Ingredients:
- 1 pound (450g) orzo pasta
- 1 cup (150g) pitted Kalamata olives, halved
- 1 red bell pepper, seeded and diced
- 1 yellow bell pepper, seeded and diced
- 1 cucumber, peeled, seeded, and diced
- 1 pint (2 cups/400g) cherry tomatoes, halved
- 1/2 red onion, thinly sliced
- 4 ounces (115g) feta cheese, crumbled
- 1/4 cup (30g) fresh parsley, chopped
- 1/4 cup (30g) fresh mint, chopped
- 1/2 cup (75g) artichoke hearts, quartered (canned or marinated) (optional)
- 1/2 cup (120ml) extra virgin olive oil
- 1/4 cup (60ml) fresh lemon juice
- 2 tablespoons red wine vinegar
- 2 cloves garlic, minced
- 1 teaspoon dried oregano
- 1/2 teaspoon dried basil
- 1/4 teaspoon red pepper flakes (optional)
- Salt and freshly ground black pepper to taste
Instructions:
- Cook orzo according to package directions until al dente.
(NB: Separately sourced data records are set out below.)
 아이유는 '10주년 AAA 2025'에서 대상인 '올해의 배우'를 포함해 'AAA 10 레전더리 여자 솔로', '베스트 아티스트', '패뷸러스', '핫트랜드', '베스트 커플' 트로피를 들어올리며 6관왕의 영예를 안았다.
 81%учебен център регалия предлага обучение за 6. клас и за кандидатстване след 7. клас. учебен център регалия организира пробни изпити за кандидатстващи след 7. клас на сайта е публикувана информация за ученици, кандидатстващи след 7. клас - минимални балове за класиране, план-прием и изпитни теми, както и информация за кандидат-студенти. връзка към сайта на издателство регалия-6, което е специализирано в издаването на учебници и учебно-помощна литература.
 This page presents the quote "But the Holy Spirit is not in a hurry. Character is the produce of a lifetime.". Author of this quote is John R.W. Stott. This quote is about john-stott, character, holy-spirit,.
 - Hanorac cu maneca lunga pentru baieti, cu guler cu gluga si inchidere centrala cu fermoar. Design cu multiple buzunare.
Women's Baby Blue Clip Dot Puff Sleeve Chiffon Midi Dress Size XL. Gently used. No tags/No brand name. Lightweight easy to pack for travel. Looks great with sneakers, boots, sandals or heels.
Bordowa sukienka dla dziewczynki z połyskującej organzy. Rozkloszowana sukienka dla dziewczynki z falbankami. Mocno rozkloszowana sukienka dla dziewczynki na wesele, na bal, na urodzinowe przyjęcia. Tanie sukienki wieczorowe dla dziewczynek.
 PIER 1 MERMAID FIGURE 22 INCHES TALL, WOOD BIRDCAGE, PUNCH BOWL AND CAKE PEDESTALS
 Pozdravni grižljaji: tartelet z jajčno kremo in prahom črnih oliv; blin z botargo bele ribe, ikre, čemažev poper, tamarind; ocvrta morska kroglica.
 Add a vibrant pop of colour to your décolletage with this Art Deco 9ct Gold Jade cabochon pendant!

Drain and rinse with cold water to stop the cooking process.
- While the orzo is cooking, prepare the vegetables. Dice the bell peppers, cucumber, and red onion. Halve the cherry tomatoes and olives.
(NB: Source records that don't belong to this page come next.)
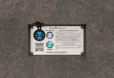 American Fyre Designs brings even more convenience to the outdoor room. The easy to use Manual Flame Sensing Control system uses a simple push button electronic igniter. With an easy to change double A battery as the power source, this ignition system utilizes a thermocouple for safety.
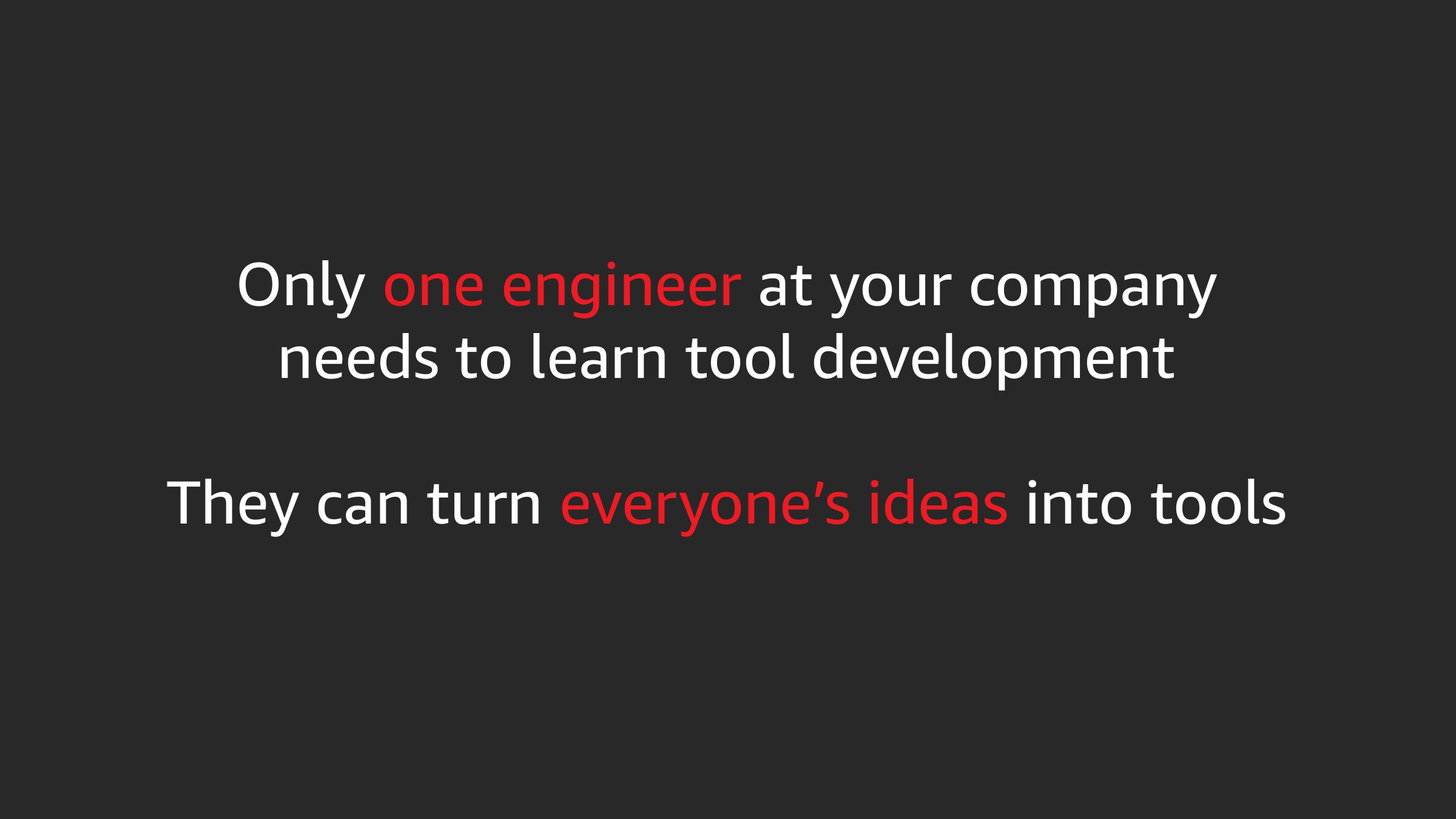 Only one engineer at your company needs to learn tool development They can turn everyone’s ideas into toolsslide 47:
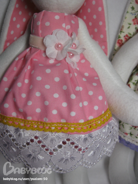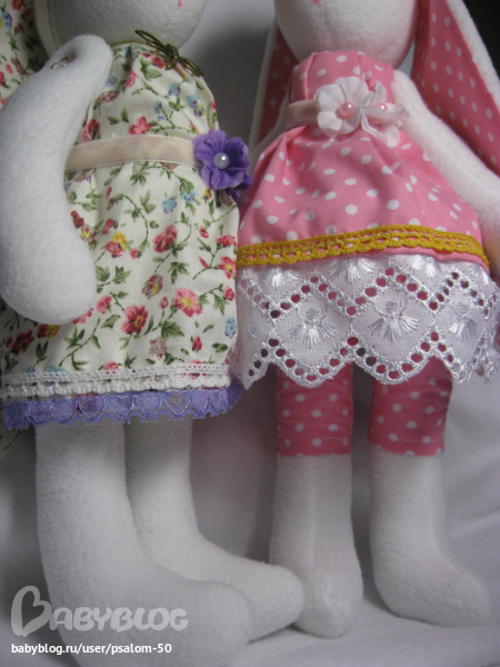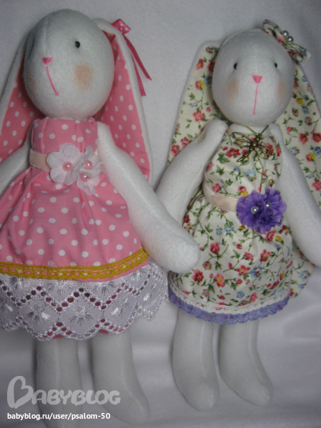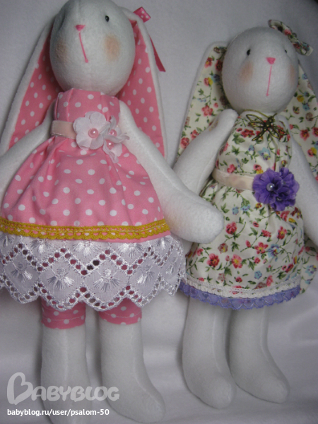 Зайки сшиты на заказ.В розовом для дочи-она любит все розовенькое)) и для мамы в цветочек.Зайки 30 см.

- In a small bowl, whisk together the olive oil, lemon juice, red wine vinegar, minced garlic, oregano, basil, red pepper flakes (if using), salt, and pepper.
- In a large mixing bowl, combine the cooked orzo, olives, bell peppers, cucumber, cherry tomatoes, red onion, parsley, mint, and artichoke hearts (if using).
- Pour the vinaigrette over the salad and toss gently to coat evenly.
- Sprinkle the crumbled feta cheese over the salad.
- Cover the salad and refrigerate for at least 30 minutes to allow the flavors to meld. Serve chilled.